Los momentos posteriores están borrosos en mi mente. Me encanta cuando dejo de sentir mi cuerpo, cuando me despego de la escena y transciendo a otra realidad en la que todo es más claro y me siento renovado. Estoy consciente de que mi cuerpo está magullado, pero no siento dolor. Me siento exultante de gozo, abierto. Parece que me voy a salir de mí mismo. Las marcas rojas que cubren mi cuerpo están empezando a volverse moradas. Cuando empiezo a sentir que tu cara me abre las cachas de culo y me lo empiezas a comer, sé que he dado todo lo que tu querías que diese.
* * *
Lo que más me gusta es el látigo. Me encanta el chasquido que da y que provoque miedo, esa explosión sónica al romper la velocidad del sonido. No hay nada más intenso que el pinchazo de dolor que se extiende por mi piel. El dolor acelera cuando me alcanza el golpe de la punta del látigo. Sube justo al tocarte, es una descarga sensorial que es como una alarma roja que indica que te debes apartar, y que explota dentro del cuerpo en un orgasmo interior de la carne. Cada golpe me lleva a un nivel más profundo dentro de mí mismo.

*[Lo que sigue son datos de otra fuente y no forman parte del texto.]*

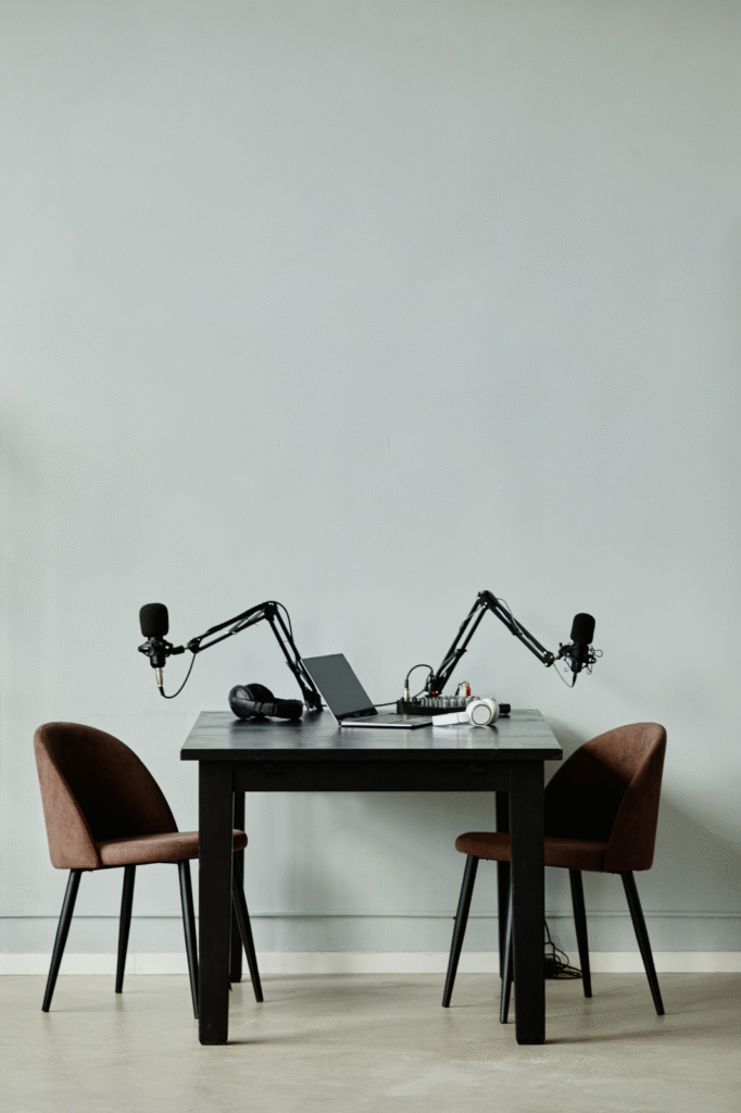 Our space features professional microphones, cameras, mixers, and acoustic treatment to ensure clear, distraction-free audio and crisp visuals. You can easily record interviews, solo episodes, panel discussions, or branded content without worrying about background noise or setup hassles.

El látigo es un símbolo eterno de la comunicación y el castigo, que trata a los hombres como si fuesen animales, torturándolos hasta someterlos. Dar latigazos era una práctica previa a las ejecuciones de los Romanos, con látigos con ganchos de metal incrustados para destrozar a la víctima antes de la crucifixión. Dos lictors daban latigazos al prisionero, hiriendo profundamente su espalda, su culo y sus piernas para acelerar su muerte. Los cristianos de la Edad Media recordaban estas torturas al flagelarse y al acabar sangrando, cuando iban en procesión de una ciudad en ciudad, mortificando su carne en memoria de La Cruz. Los azotes eran una de las principales formas de asegurar la disciplina en los galeones ingleses, con los marineros atados al mástil y golpeados para asegurar un comportamiento del subordinado. Los franceses preferían el rigorismo para la disciplina doméstica. A los presidiarios de Australia les hacían ayunar hasta casi morirse de hambre y les azotaban con látigos para dar muestra del poder soberano colonial. Cada vez que aparece un látigo en cualquier parte, se vuelven a revivir miles de años de dominación de esclavos y criminales, marineros y soldados. El miedo que se siente al oír el chasquido en el aire, los golpes sobre la piel son sentimientos que llevan existiendo desde el inicio de los tiempos. Los mismos olores a sudor por el miedo cuando te atan y esperas esa sesión de tortura. Las mismas sensaciones recorren tu cuerpo. La diferencia entre lo que yo hago y lo que esos hombres sufrieron en el pasado es que yo he dado mi consentimiento.